After Dr. Hamilton’s research clearly showing bloodletting was killing patients the technique took around 100 years to disappear from common practice, similarly the use of a placebo control only became common 150 years after the work of Dr. Haygarth on the Perkin’s tractors, a now again research techniques are in a period of delay. Dr. Benveniste’s work clearly shows that preclinical scientists must be blinded to the treatment groups and Dr. Hamilton’s research shows the unarguable robustness of randomized research and yet the practices of blinding and randomization have not become common practice in preclinical research. In 2014 an analysis of preclinical animal research in the field of treating diseases of the brain found that only 20% of the research reported blinding of the assessor of the brain damage and 15% reported randomly allocating the animals into treatment groups ⁶. The percentage of research that is done in what many would describe as a rigorous manner appears dismal; however, medicine is improving, new drugs, new therapies, new diagnostic techniques and new surgeries are being developed every year. This begs the question, are these biases actually effecting research output? Do we need to change? Isn’t preclinical animal research working anyway?

Does preclinical animal research work?

Animal research is incredibly useful and certainly does work. Surgical techniques are developed and practiced on animals, which are then used in the clinic with huge translational success. Toxicology research in animals is very good at predicting which compounds are toxic to humans; generally compounds which are safe at high doses in several mammalian families are very likely to be safe for humans. But the topic of this article is drug development, so does preclinical animal research work for drug development? To answer this question the definition of “work” must be established and to do that we must look at the aim of animal models of disease. Preclinical research investigating novel treatments of disease induce pathologies in animals using a range of techniques. As the human disease cannot be replicated exactly, the aim is to produce a model that replicates the real condition as close as possible with the overall goal of accurately predicting if a new therapy will work in the human disease. Therefore, one way of answering the question – does preclinical animal research work? Is to answer the question does preclinical animal research accurately predict if a new therapy will work in the human disease? To this question we have some answers.

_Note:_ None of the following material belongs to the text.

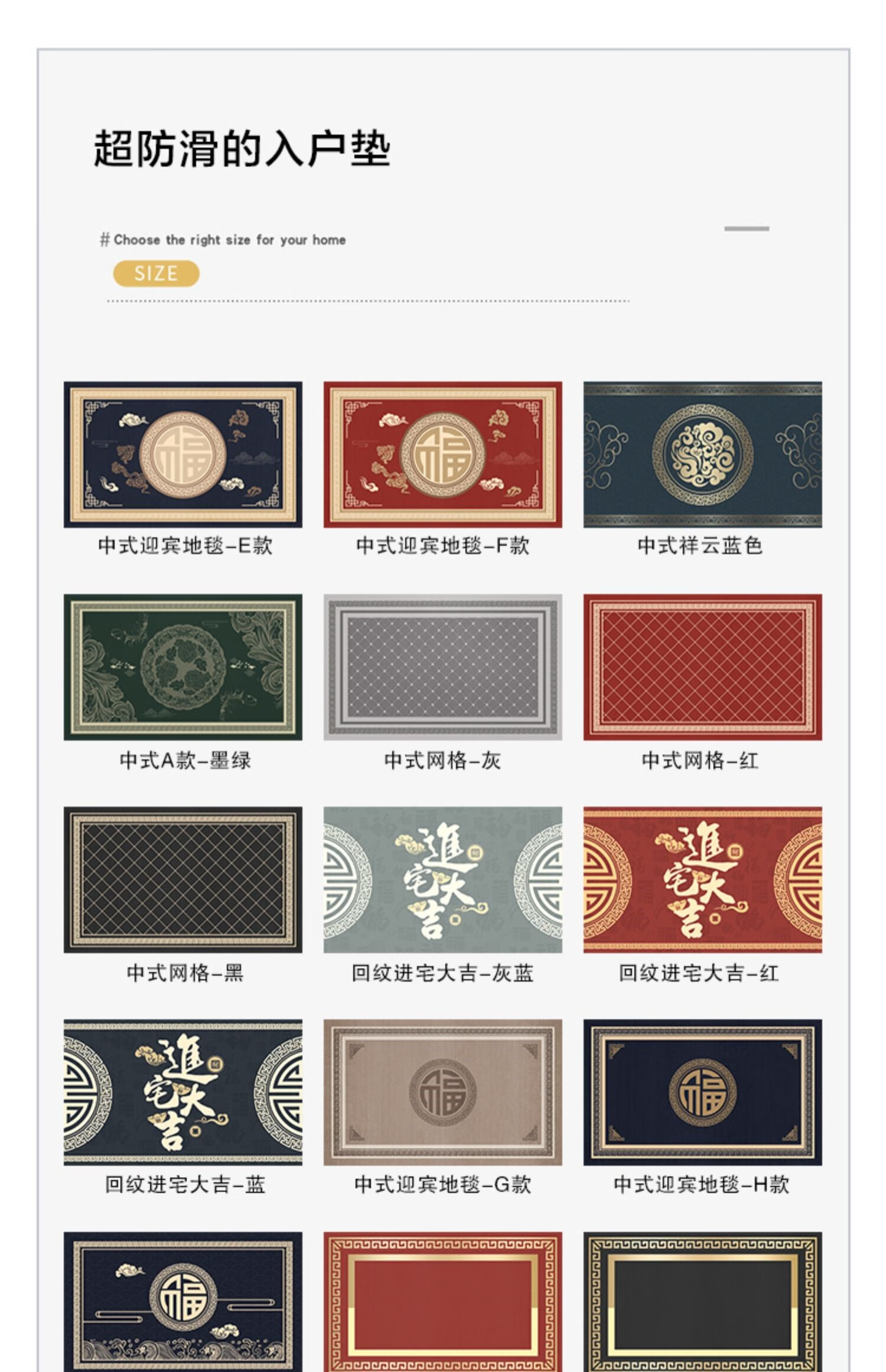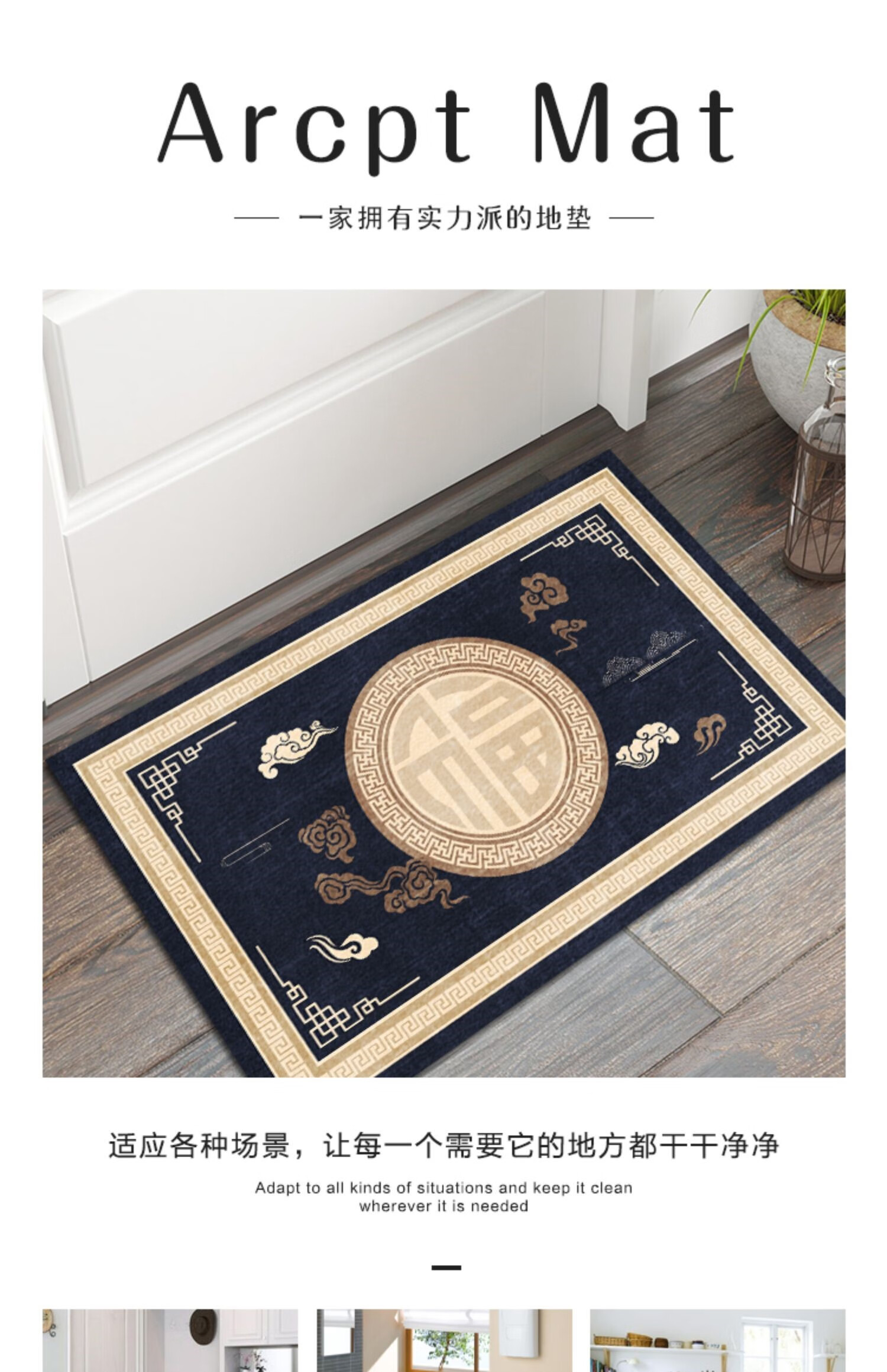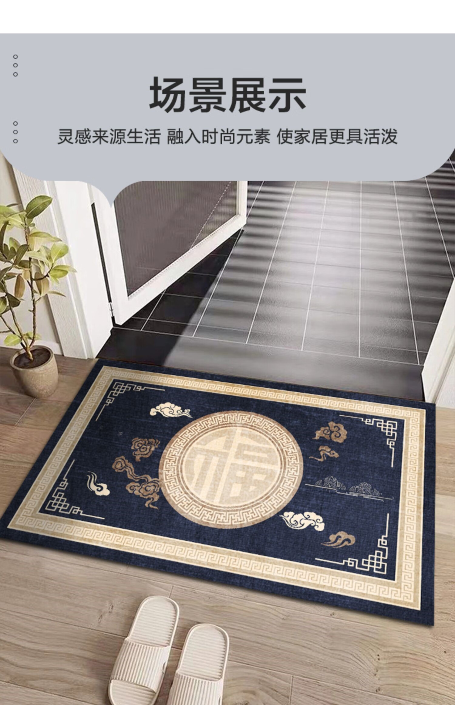 Hua Fei Hua Chinese style entrance door floor mat bathroom bathroom non-slip mat kitchen floor mat door entry home foot mat Chinese style A-dark green 100*160cm

Let us look at the disease with the most preclinical research- cancer. Animal research in cancer normally involves growing cancer cells in a petri dish and then inserting the cells under the skin of a mouse and observing the growth rates of the cells. Then a treatment that had been shown to kill cancer cells in a petri dish experiment, would now be given to the mice at different doses to assess if the drug can get to the cancer cells and kill them in the new setting of an animal. Now imagine a laboratory that is very successful and it discovers 500 new compounds that appear to be effective in treating a range of cancers in these mouse models. Other laboratories will read about the compounds and perform similar experiments and report their results. The reported evidence will build until a pharmaceutical company (or public entity) deems the evidence to be worthy of investing. The company will fund a phase one clinical trial. Of the 500 new compounds originally discovered only 150 will make it to this stage of research ^{1, 2}. A phase one clinical trial will assess what the drug does in healthy males; where does it go? What does it do? What does it turn into? How fast is it excreted? Based on these results the company may decide to go to a phase two trial, which is a moderate sized trial on sufferers of the disease. Less than 13 of the original 500 compounds will make it on to this stage ^{1, 2}. The drugs that appear to have some therapeutic effects will go on to a large scale phase three trial of disease sufferers. Of the 13 drugs in phase two trials 5 will be tested in phase three trials and of these maybe 1 or 2 will receive food and drug administration (FDA) approval and be used in the clinic ^{1, 2}. So from 500 original drugs that were therapeutic in preclinical animal models, 1 or 2 are found to be therapeutic in the clinic ^{1, 2}. From this it seems that animal models fail to accurately predict what occurs in the clinic. Keep in mind the fact that this failure rate from this example is what you get when you boil the effects of the drugs down to binary data, therapeutic or not, when the effect sizes are compared the predictive power of the animal model drops even further. Even if a drug is found to be successful in the clinic setting it is often far less effective than the results reported in the animal studies.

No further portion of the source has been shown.